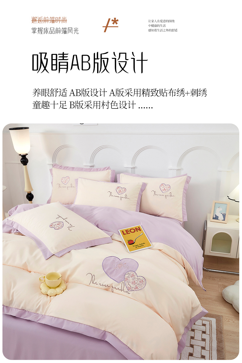 (总)卡迪亚家纺 2025新款加厚柔肤棉贴布绣宽边双拼刺绣四件套-满心花园
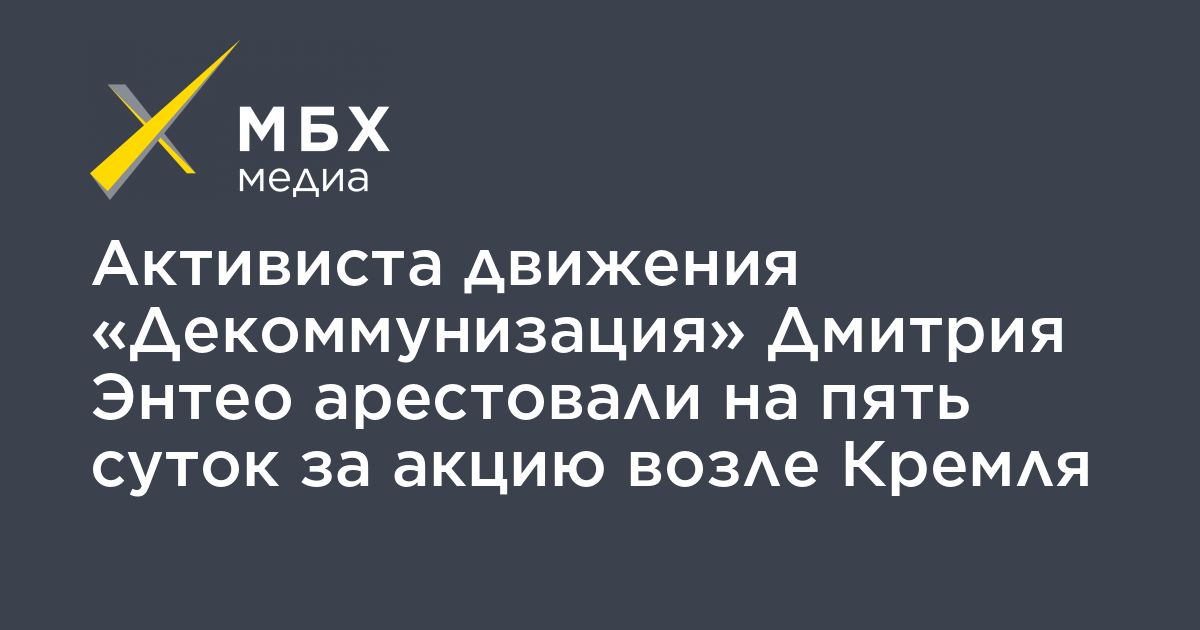 Замоскворецкий суд Москвы арестовал активиста движения «Декоммунизация» Дмитрия Энтео (Цорионова) на пять суток за акцию возле Кремля с баннером «Стоп Гулаг». Об этом «МБХ медиа» сообщил его адвокат Леонид Соловьев.
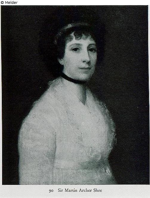 Brustbild einer jungen Dame in weißem Spitzenkleid. Im blonden Lockenhaar ein weißes Band. Leicht nach rechts gewendet, der Blick nach vorn gerichtet.
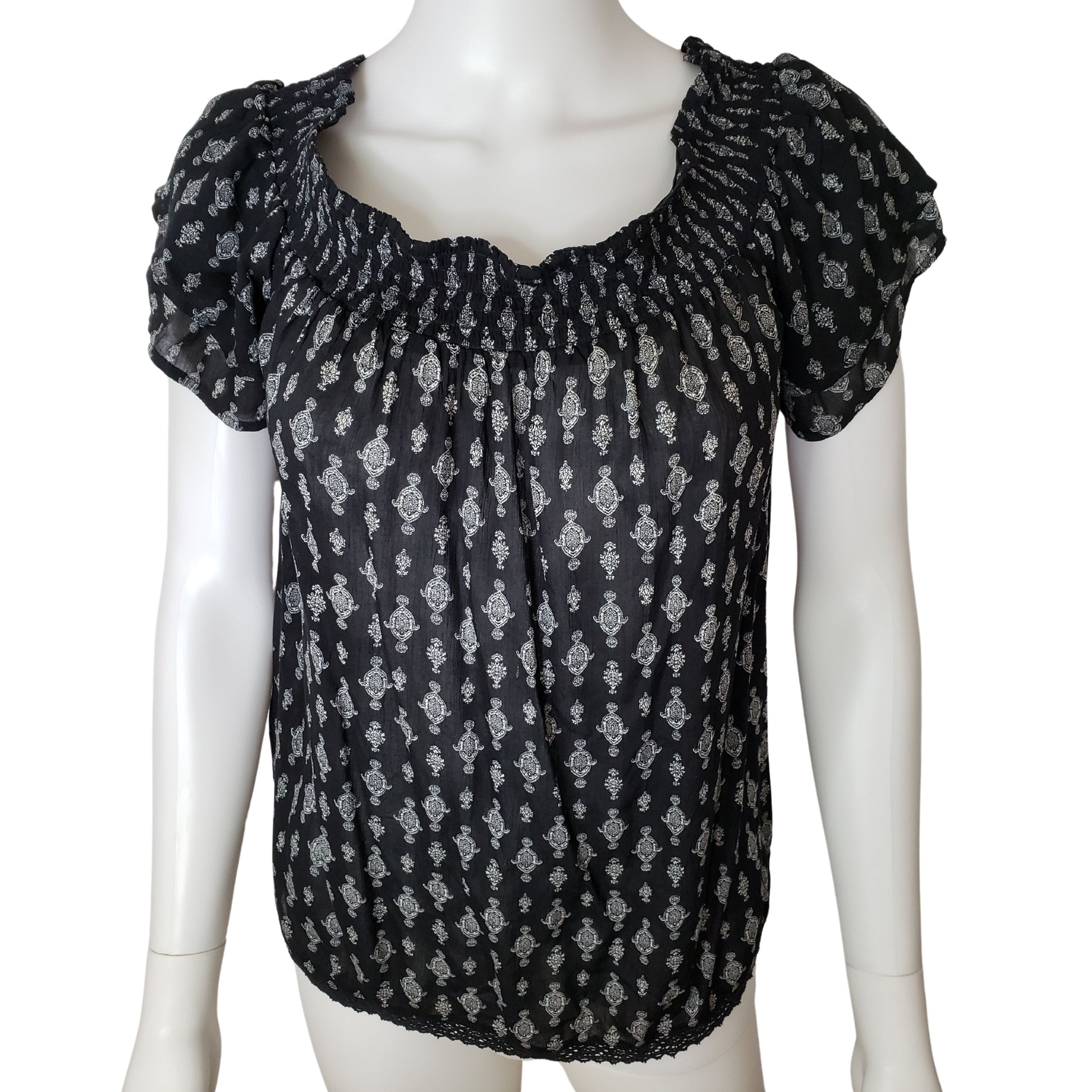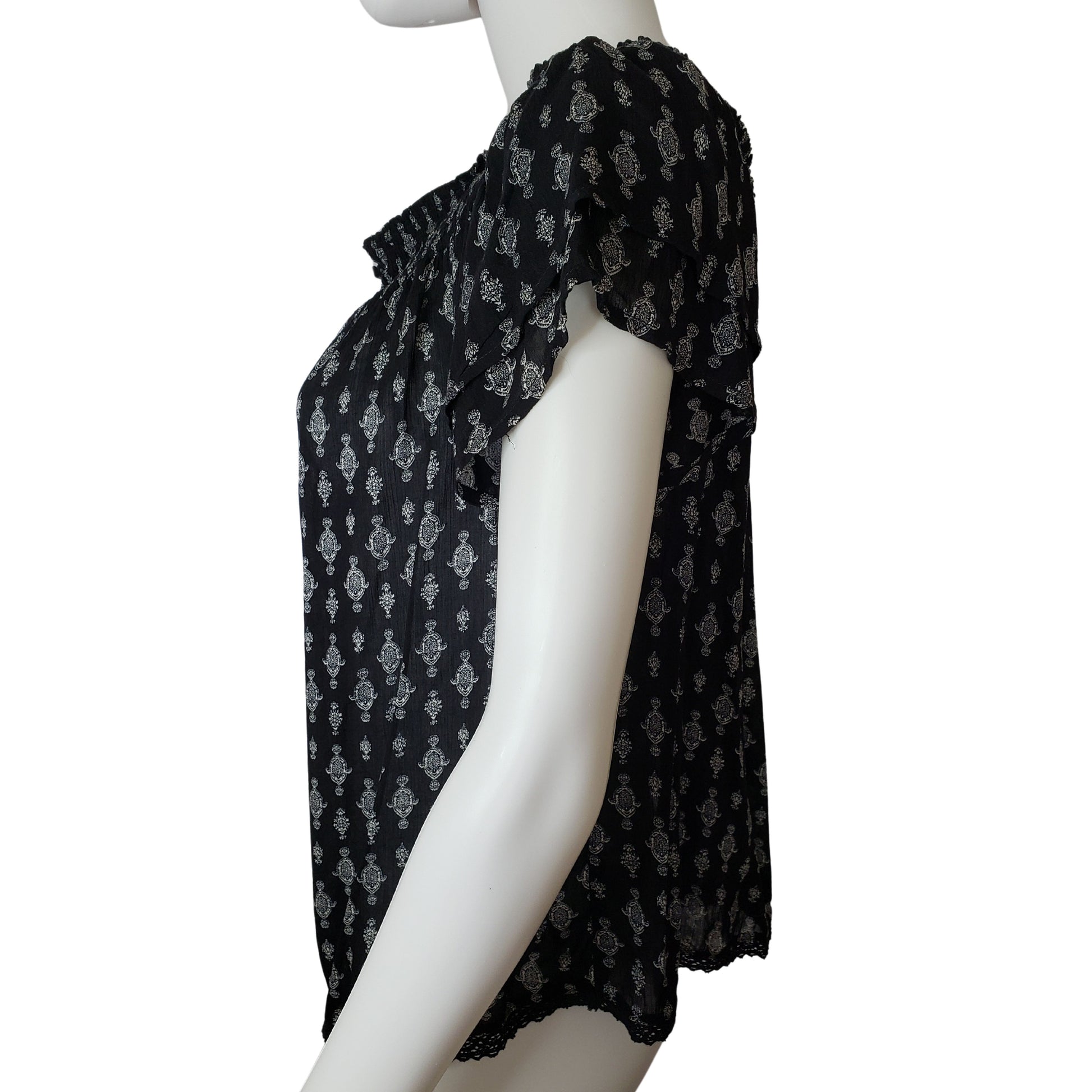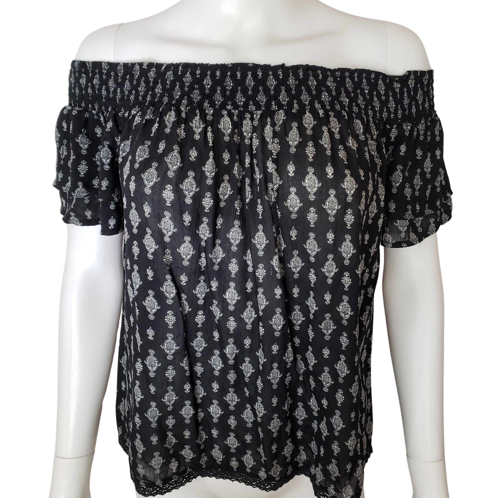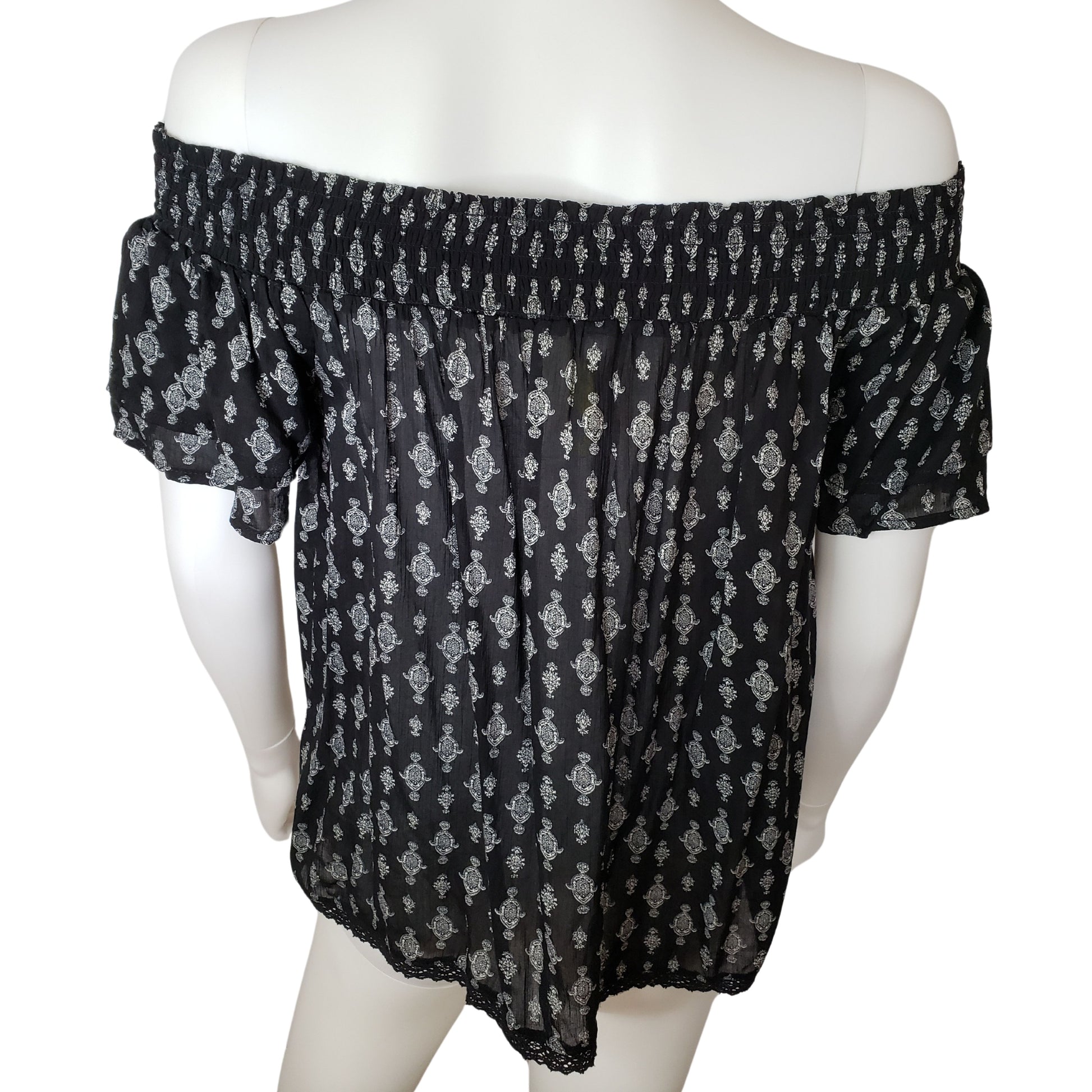 XHILIRATION On or Off Shoulder Black Shirt with White Jewel Pattern and Double Petal Sleeves, Small

▸ **Problem to solve**:
Repeat the data above word for word, without pictures.

▸ **Result of the task**:
 (总)卡迪亚家纺 2025新款加厚柔肤棉贴布绣宽边双拼刺绣四件套-满心花园
 Замоскворецкий суд Москвы арестовал активиста движения «Декоммунизация» Дмитрия Энтео (Цорионова) на пять суток за акцию возле Кремля с баннером «Стоп Гулаг». Об этом «МБХ медиа» сообщил его адвокат Леонид Соловьев.
 Brustbild einer jungen Dame in weißem Spitzenkleid. Im blonden Lockenhaar ein weißes Band. Leicht nach rechts gewendet, der Blick nach vorn gerichtet.
 XHILIRATION On or Off Shoulder Black Shirt with White Jewel Pattern and Double Petal Sleeves, Small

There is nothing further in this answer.